Six months after paying more than a quarter of a million dollars to buy out the contract of the district's former human resources director, the Burnsville-Eagan-Savage school board has rebuked the man who hired her.

The board last week gave Superintendent Randall Clegg, who is in the final year of a three-year, $180,000-a-year contract, a mixed job review, saying that in the past year he has failed to meet three of the seven job standards for such things as ethics, management, vision and goal achievement.

In 2011 and 2010, before the buyout of Tania Z. Chance became an issue, the board gave Clegg perfect scores in the same categories, according to district records.

"The review speaks for itself," said school board Chairman Ron Hill, one of four incumbents on the board seeking reelection this fall.

Hill refused to say which three standards Clegg failed to meet. He and the rest of the board also refused to identify which board members voted for and against Clegg on the seven review questions.

In a statement last week releasing a summary of the review, the board noted that Clegg was given a "meets- standard" mark even if the board was not unanimous in agreeing that he met the standard.

"This is how we felt it needed to be presented," Hill said.

The review, Clegg's status and the district's perceived lack of transparency figure to become campaign issues this fall as 10 candidates contend for four school board seats.

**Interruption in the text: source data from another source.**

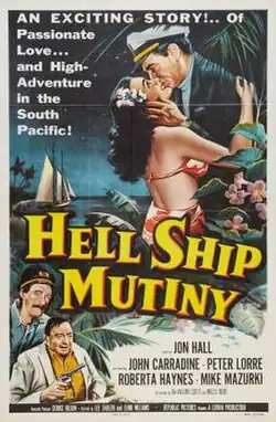 Hell Ship Mutiny is a 1957 American South Seas adventure film directed by Lee Sholem and Elmo Williams starring Jon Hall who also produced and narrated the film.[1] It is a compilation of a 1955 unsold television pilot Knight of the South Seas.[2][3] Hall's father Felix Locher plays the role of a native chief.[4]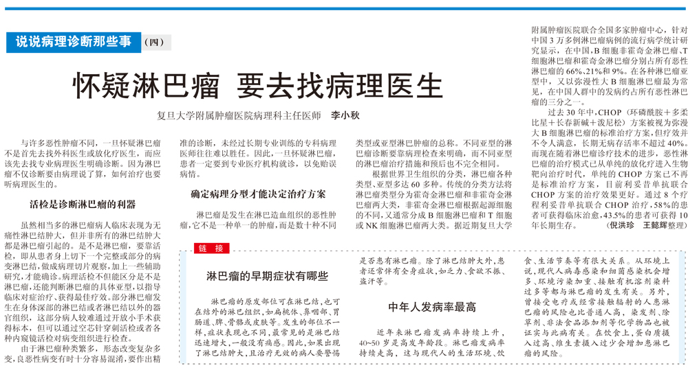 【健康报】怀疑淋巴瘤 要去找病理医生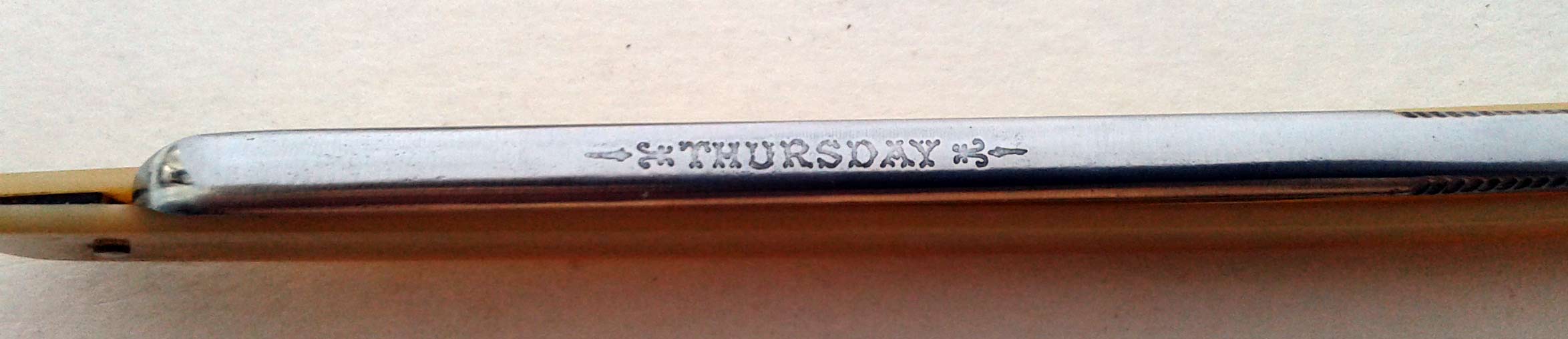 Надпись на обухе THURSDAY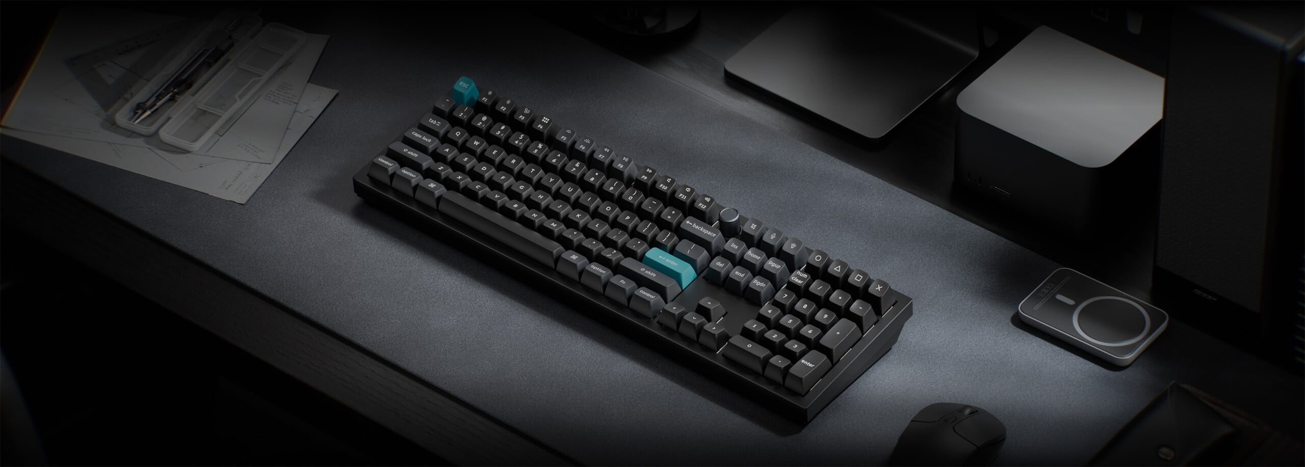 Keychron Q6 Ultra 是一款全尺寸无线机械键盘,这意味着它将拥有一个带有全导航集群和全尺寸 0 键的数字键盘,以及数字键盘上方的一排宏键和 F 排中的一个可定制旋钮。Q3 采用 TKL 布局,取消了数字键盘,但保留了方向键、导航键和可定制旋钮。Q1 Ultra 再次将布局缩减至 75%,保留了方向盘和旋钮,但减少了部分导航键,并缩小了字母数字盘和方向盘之间的空间。

Along with Hill, the incumbents running for another term are DeeDee Currier, Sandra Sweep and Robert VandenBoom, who is seeking a two-year term in November.

During the Chance debate, which led to the changing of a state law to make school boards more accountable for how they spend money in contract buyouts, parents, residents and the board clashed at public meetings over why the money was paid to Chance and why the board would not more fully explain its actions.

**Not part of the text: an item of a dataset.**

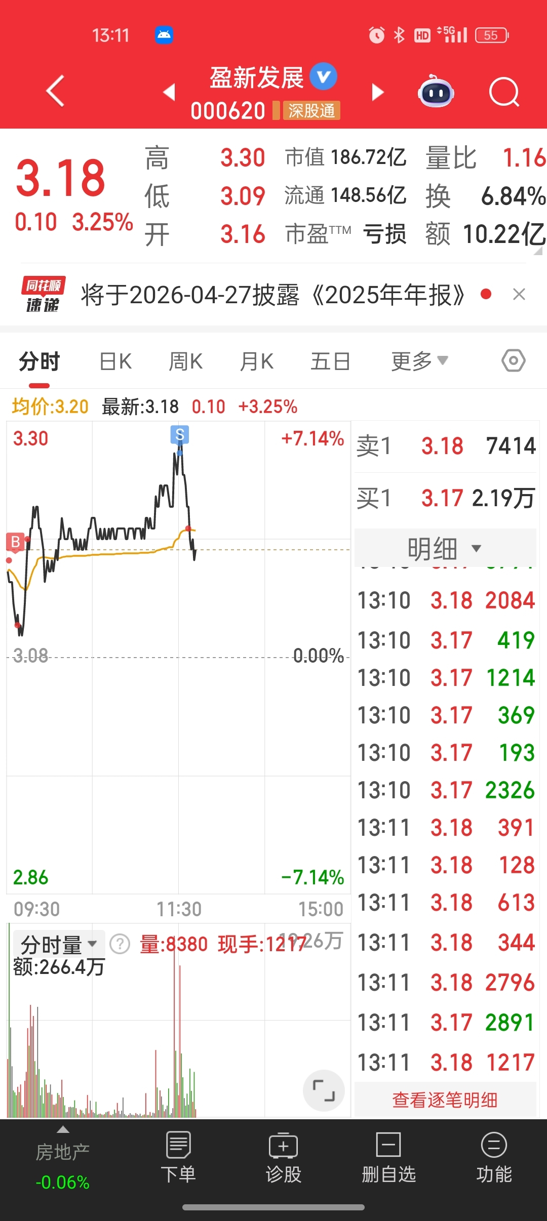 $盈新发展(SZ000620)$ 主力太狡猾,够狠,我成本太高,刚3.27卖了,3.20又接回来,博个小差价

Part of the problem was that the board appeared to be buying Chance off because she filed two complaints with state agencies, at least one of which involved Clegg, according to the district's final settlement agreement with Chance.

"It doesn't surprise me that the school board would have an unfavorable review of Mr. Clegg," said Tom McCasey, one of the candidates running for the school board this year. "They should all be removed, including Clegg."

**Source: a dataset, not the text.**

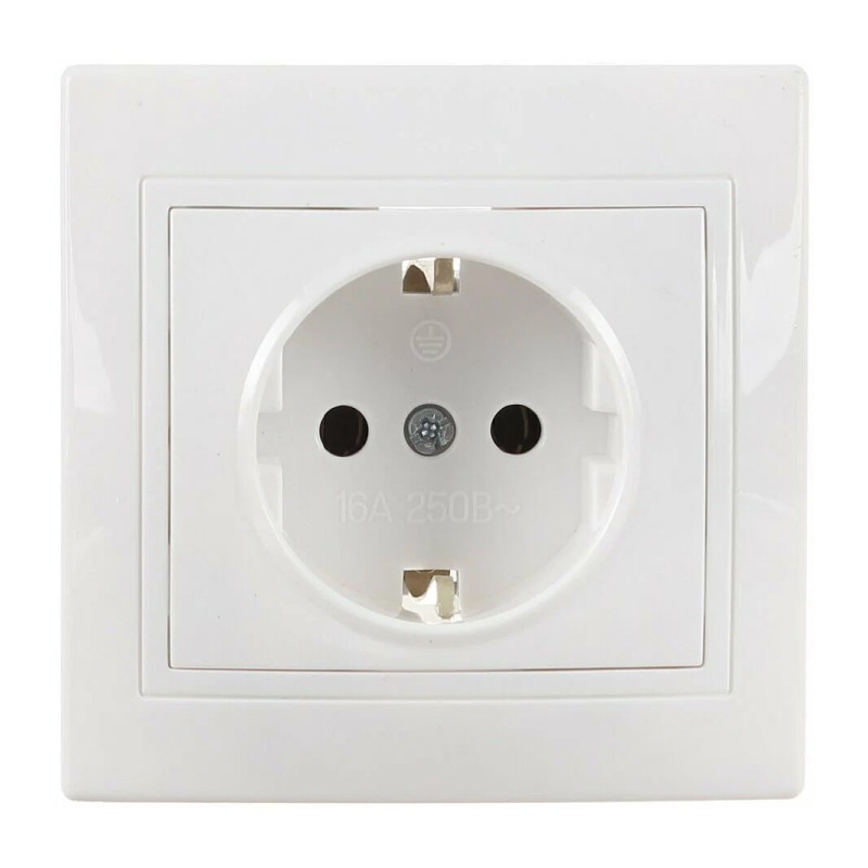 Розетка с заземлением скрытой установки, цвет белый. Основание керамическое, корпус выполнен из самозатухающего ABS-пластика, обеспечивающего прочность и устойчивость к воздействию солнечных лучей. Контакты розеток из высокоупругой фосфористой бронзы, обеспечивают надежный электрический контакт. Поставляется в комплекте с рамкой

Clegg did not respond to requests for comment.

Déjà vu?

Hill refused to comment on whether he thinks Clegg's contract will be or should be renewed. He also refused to discuss what role, if any, the Chance settlement he and the board authorized would play in the campaign.

But several candidates criticized the board for not disclosing which standards Clegg failed to meet and why he got a less-than-perfect score compared with previous years.

Multiple candidates claimed that the board, and thus the incumbents, are protecting Clegg over his involvement in the Chance scandal. Others said they would either not support keeping Clegg or at the very least take a critical look at his role in connection with Chance.

"It was his ultimate responsibility," said Mark Traikoff, a former district employee now running for one of the four-year terms on the board. He believes that Clegg and Chance will be "huge" campaign issues.

"I'm running on the assumption to help push him out," said Traikoff, who has among his campaign slogans "a new school board of four to show Clegg the door."

Two other challengers who got into the race because of their disaffection with how the district handled things surrounding Chance suggested that the board's inability to explain its actions is but a continuation of the dysfunction that people allege took place as the school board argued with the state over its level of transparency.

"It was embarrassing for the entire district and the community," Steve Dove, a former school administrator in Edina who is running for a four-year seat, said of Chance's exit. "I think the district was in damage control."

Seema Pothini, another challenger, said the media circus created by the Chance debacle, which resulted in the board battling news organizations over what it had to disclose about its reasons for agreeing to the payout, was a distraction the district did not need.

"The dismissal of Tania Chance was, and continues to be, a distraction," Pothini said in an e-mail. "With significant issues in our district such as declining enrollment and the achievement gap, we need to move past that distraction and focus on providing an excellent education for all our students."